Lynn Alexander as a little girl in her mom’s arms.

Lynn Alexander as a little girl in her mom’s arms.

Guts to Do a Tri, Guts to Take Career Risks

Alexander took part in one of the earliest years of the Tri with a group of WEX women. She participated as an individual, which meant she was responsible for completing all three legs of the race. About the Tri, Alexander says it was “Inspiring and emotional at the same time. I don’t think there’s anything like it. At least in the state of Maine. It was an incredibly moving experience, for many reasons.” 

Lynn Alexander, with her husband James Alexander, after completing Maine’s Tri for a Cure in 2011

Lynn Alexander, with her husband, James Alexander, after completing Maine’s Tri for a Cure in 2011

Committing to a triathlon takes guts.

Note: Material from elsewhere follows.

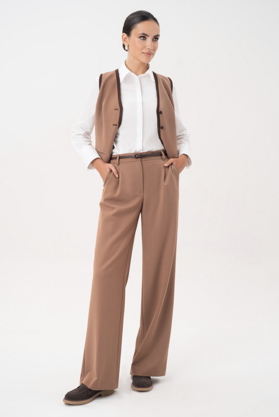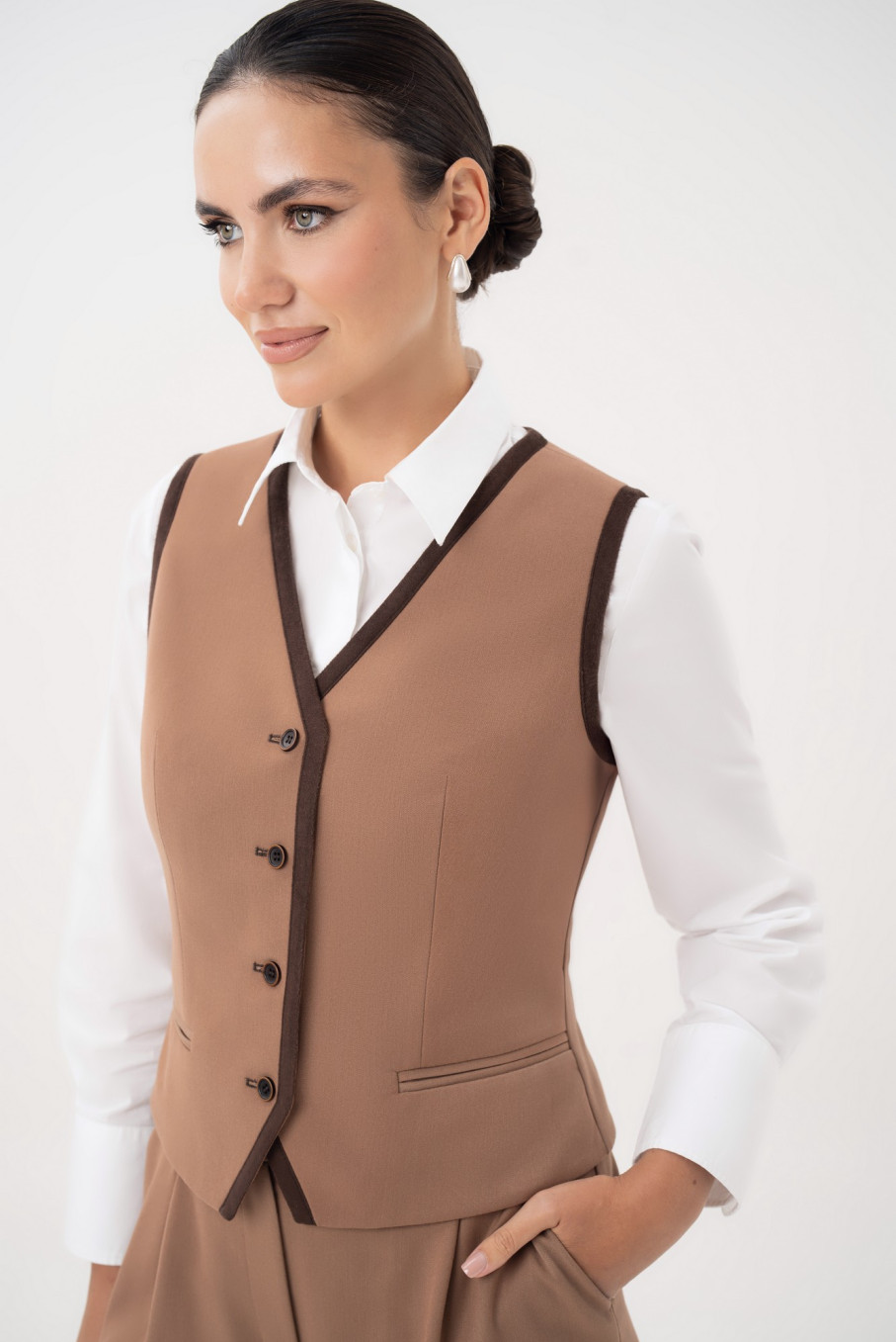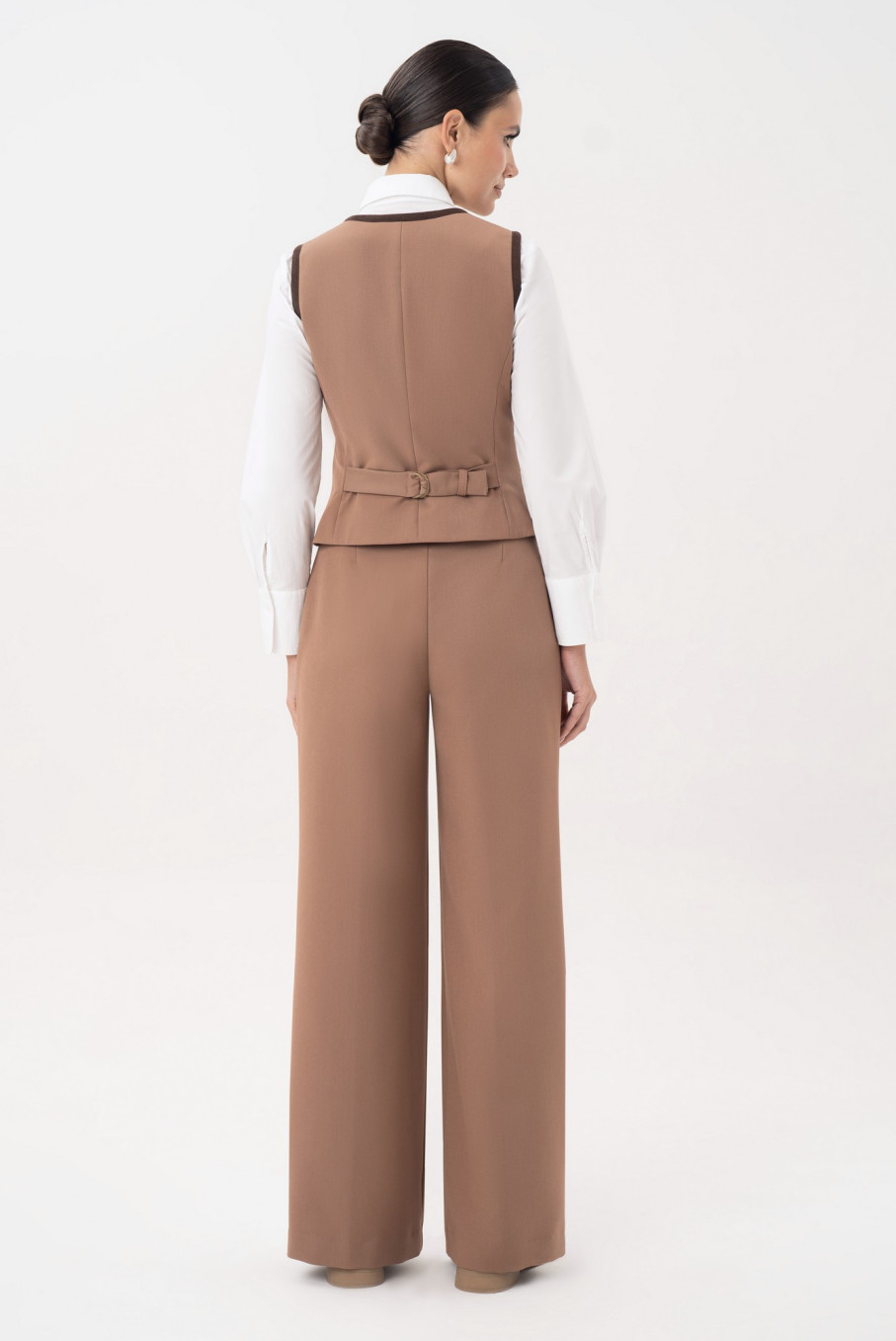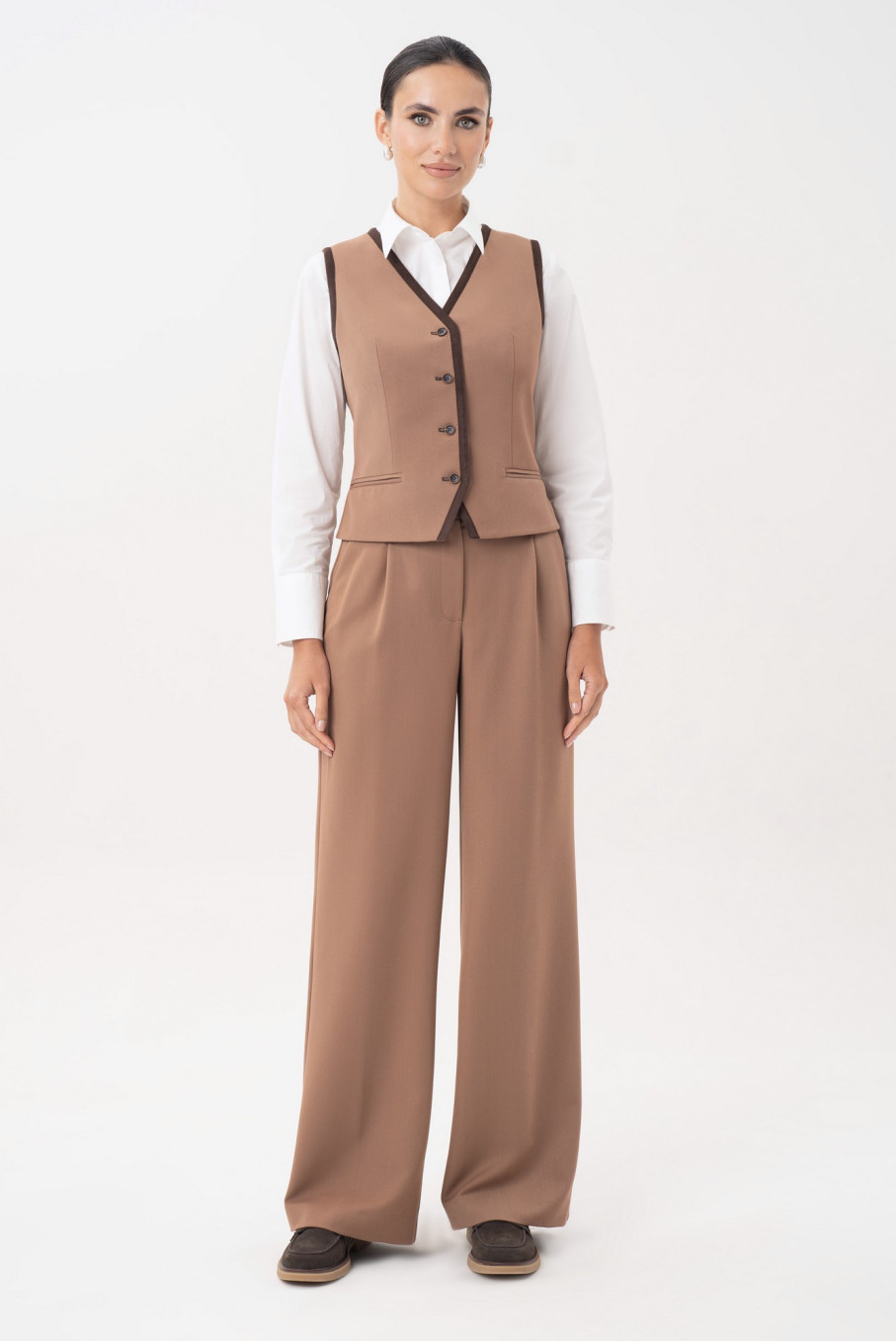 Брючный костюм женский URS сочетает в себе деловую строгость и женственность. Мягкий коричнево-бежевый оттенок подчеркивает утончённость образа, а контрастная отделка жилета добавляет выразительности. Такой женский костюм с жилетом и брюками легко адаптируется под разные ситуации: от деловой встречи до стильного повседневного выхода в город.

It’s clear from talking to Alexander that she doesn’t allow fear to stop her from attaining her goals. “Some of the absolute best things I’ve ever done, the ones with the biggest payoff, have resulted from the scariest decisions I’ve had to make.  If I could, I would tell my 18-year-old self to take smart risks and try the things you’re most afraid of doing.”  She goes on to describe a risk she took at WEX that she feels was pivotal to her growth as an employee: “One of the most memorable decisions I had to make was related to the story I told earlier about how I spent 10-12 years building out the fraud department. That was my comfort zone. I knew the position inside and out. I knew the function inside and out. But I was looking for something more. So, my head was telling me to figure out how to continue to grow my career. Everybody gets comfortable in their zone so when I was offered the opportunity to make that leap into something completely different it was incredibly scary at the time. Everything in me was holding me back and saying no, stay with what you know and what you know you’re good at and that imposter syndrome really set in where there was some fear that I would not be successful but I pushed through it, made the leap and I’m so glad I did.”

Alexander’s wisdom and work ethic, her focus on training and sharing knowledge, make her an exceptionally valuable member of WEX’s team. We’re so glad she made that decision 26 years ago to put down roots here in Maine, and create a career for herself here with us at WEX.